_Instructions to follow_
Write out exactly the lines from the one holding "their budget. |" to the last line of the entries, both ends included and nothing else, without the pictures.
━━━━━ Entries supplied
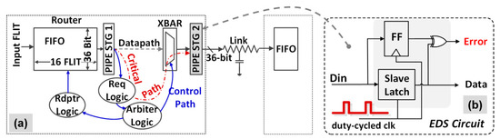 NTV-NoC: (a) Two-stage router data path and control logic indicating critical timing path; (b) Pipe stage 2 is enhanced with EDS circuit to detect failures in critical timing paths down to NTV.
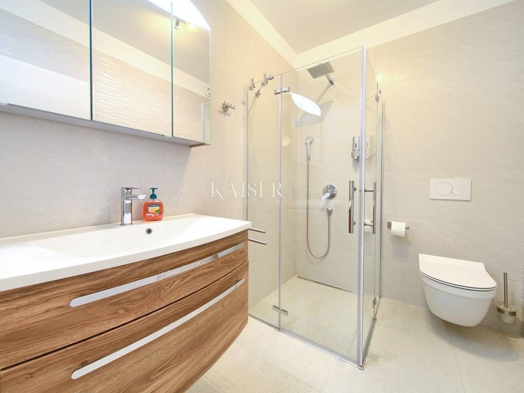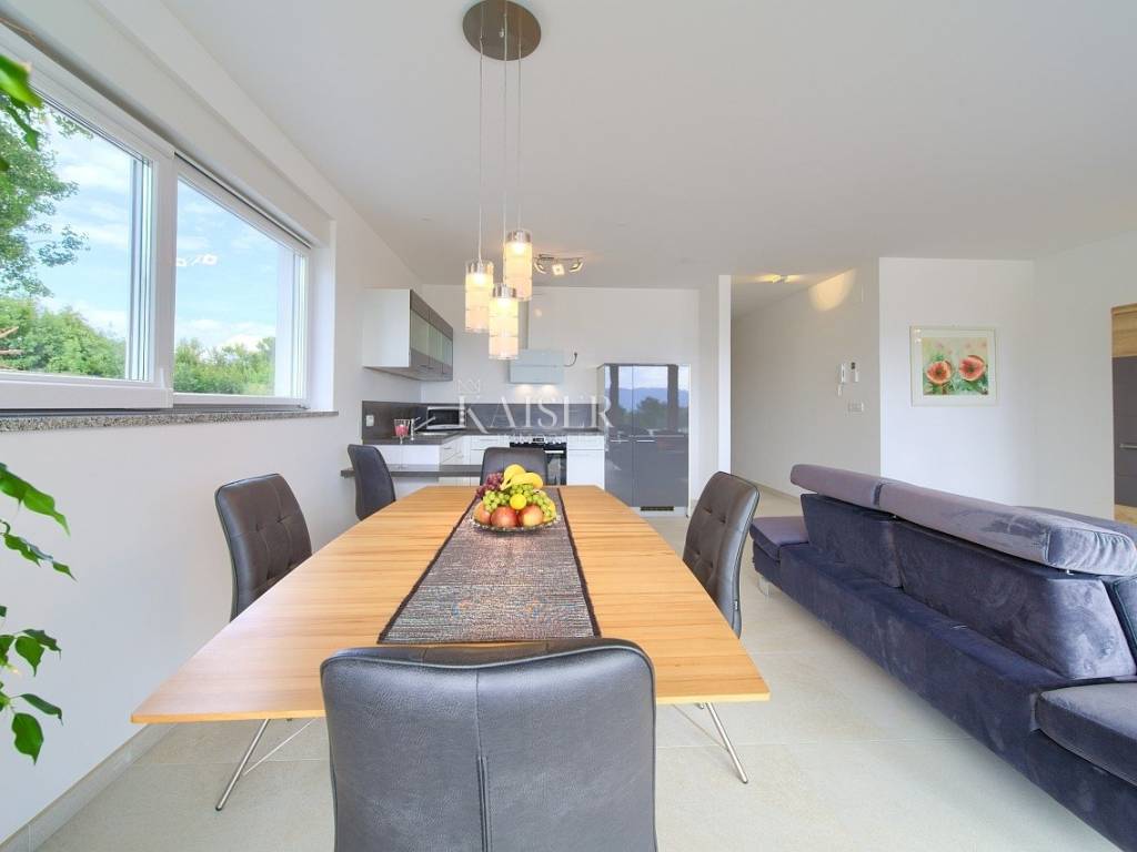 Linardići was founded in the 15th century when Prince Frankopan settled that part of the island. Today, about 138 inhabitants live in Linardići, who are mainly engaged in agriculture, olive growing, and more recently tourism. Kaiser Immobilien presents you a luxurious villa with an area of 410m2, located in a quiet location with a beautiful view of the sea. It consists of four separate apartments, distributed on the ground and first floor, and an additional large basement. The ground floor of this villa offers two separate apartments. The first apartment, with a total area of 83.08m2, consists of a spacious entrance area of 12.48m2, a modern bathroom with a shower of 4.41m2, two bedrooms of 11.22m2 each, and an additional bathroom with a shower and a toilet of 5, 94m2. At the end of the corridor there is a spacious living room with an open kitchen and dining room of 33.50 m2, which leads to a covered terrace of 13.60 m2. The second apartment on the ground floor, with an area of 78.88 m2, has a similar layout, but includes an additional storage room of 2.89 m2. The entrance area of this apartment is 8.72m2, and the bathrooms are 4.41m2 and 5.94m2. The bedrooms are 11.22m2 and 10.26m2. Living room with kitchen and dining room, also 33.50m2, leads to a terrace of 9.70m2 with direct access to the heated pool measuring 8x4m and a parking space. There are two more apartments on the first floor. The third apartment has a total area of 84.39m2, with an entrance area of 12.48m2, two bathrooms (4.41m2 and 5.94m2), and two bedrooms of 11.22m2 each. The living room with kitchen and dining room occupies 30.21 m2, and from the living room you can access a spacious balcony of 17.82 m2 with an enchanting view of the sea and the island of Cres. The fourth apartment, with an area of 81.46 m2, consists of an entrance area of 8.72 m2, two bathrooms (5.94 m2 and 4.41 m2), and bedrooms of 11.22 m2 and 10.26 m2, one of which offers a beautiful view of the sea . The living room of 33.50 m2 with kitchen and dining room leads to the balcony of 9.03 m2, where you can enjoy unforgettable sunsets. The villa has a total of 12 rooms, of which 8 are bedrooms and 8 bathrooms. Each apartment has one parking space, and the spacious garden of 600 m2 provides additional parking spaces. The apartments are categorized with 5 stars, and considering occupancy during four months of the year, it represents an excellent investment opportunity. The special feature of the villa is the high-quality construction according to German standards and the luxurious furniture that remains with the purchase. The villa also boasts a large basement of 59.18m2, which is currently used as an office, but offers numerous possibilities for other uses. The yard includes a covered terrace that serves as a covered parking lot in the winter, and as a space for socializing in the summer, with an outdoor kitchen and barbecue. The pool equipment is located in a separate room under the pool, which can also serve as an additional storage space. A comfortable temperature in winter and summer in the villa is provided by 12 air conditioners for heating and cooling, as well as underfloor heating through a solar thermal power plant, which enables ecologically sustainable and energy-efficient heating. All apartments are equipped with PVC windows and doors with three-layer glass. It is also possible to buy individual apartments.
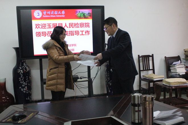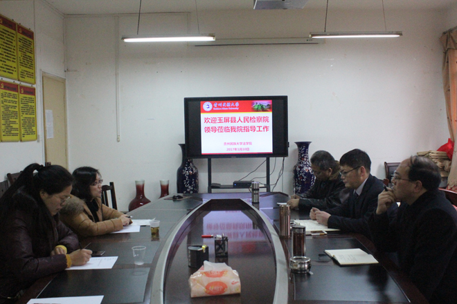 2017年1月10日下午,我院在二楼会议室召开与玉屏县人民检察院“教学实习基地”协议签约座谈会。玉屏县人民检察院政工科科长黄亚琼、我院党委书记盘淼教授、院长宋强教授、副院长张帆教授出席,会议由宋强院长主持。
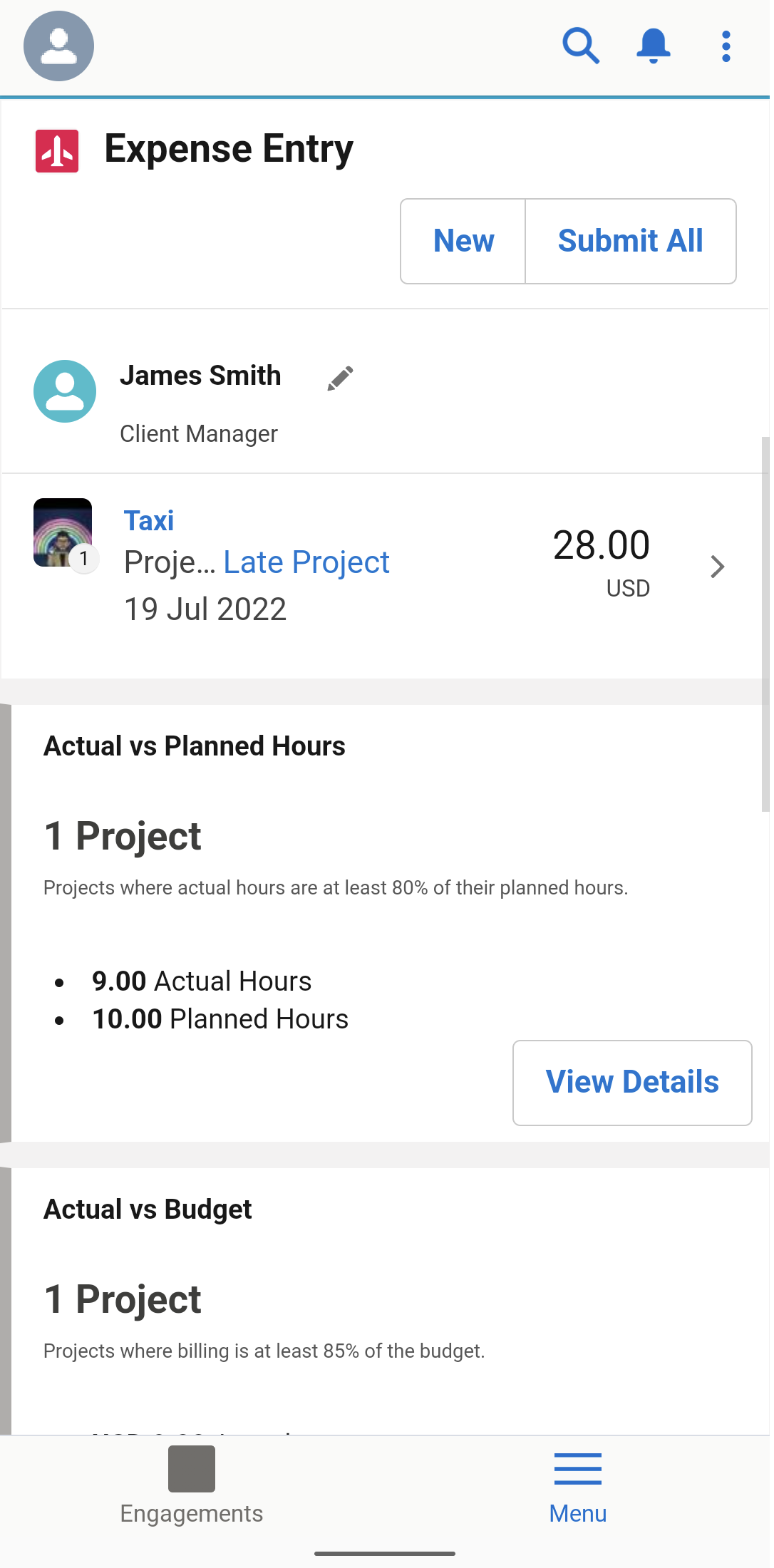 | Actual vs Budget | The count of your projects where billing is 85% or greater than the project budget, and the aggregated value of actual and budget including expenses across the counted projects. | Displays a list view of your projects that are close to their budget. |
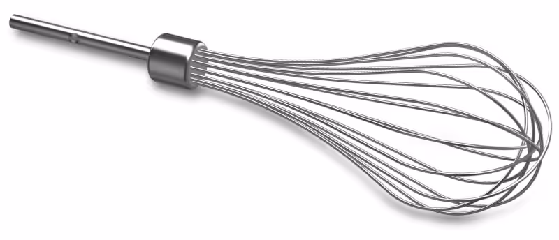 A whisk is another common hand mixer attachment that can be used for a variety of recipes. The most common type of whisk is shaped like a balloon and has wire tines. A wire whisk is used for incorporating air into a light mixture quickly. The KitchenAid® Stainless Steel Pro Whisk has 16 tines and can easily whip egg whites to fluffy peaks or transform heavy cream to whipping cream to top your favorite desserts.
━━━━━━━━━━
_Exercise response_
 | Actual vs Budget | The count of your projects where billing is 85% or greater than the project budget, and the aggregated value of actual and budget including expenses across the counted projects. | Displays a list view of your projects that are close to their budget. |
 A whisk is another common hand mixer attachment that can be used for a variety of recipes. The most common type of whisk is shaped like a balloon and has wire tines. A wire whisk is used for incorporating air into a light mixture quickly. The KitchenAid® Stainless Steel Pro Whisk has 16 tines and can easily whip egg whites to fluffy peaks or transform heavy cream to whipping cream to top your favorite desserts.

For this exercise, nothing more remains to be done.